Адорно полагал, что это компульсивное невротическое деление на «до полудня» и «после полудня» весьма символично для американской массовой культуры. Вместо противостояния общественным противоречиям граждане их невротически интернализируют; разделив время на работу и удовольствие, они вместо самореализации получают самоотчуждение.
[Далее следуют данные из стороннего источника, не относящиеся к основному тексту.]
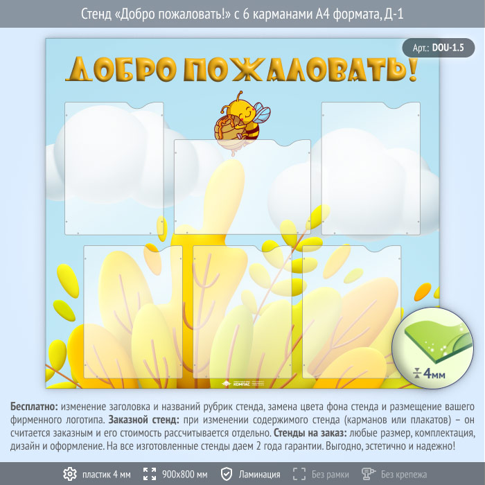 Стенд «Добро пожаловать!» с 6 карманами А4 формата (DOU-1.5) в Ульяновске купить

То, что Адорно отыскал в американских астрологических колонках, Маркузе посчитал в целом верным как для американского, так и для любого другого развитого индустриального общества. В «Эросе и цивилизации» он выражает надежду на радикальную трансформацию этих обществ, на освобождение принципа удовольствия от диктатуры принципа производительности, на то, что люди смогут вернуть эрос себе, став целостными, самореализовавшимися и свободными.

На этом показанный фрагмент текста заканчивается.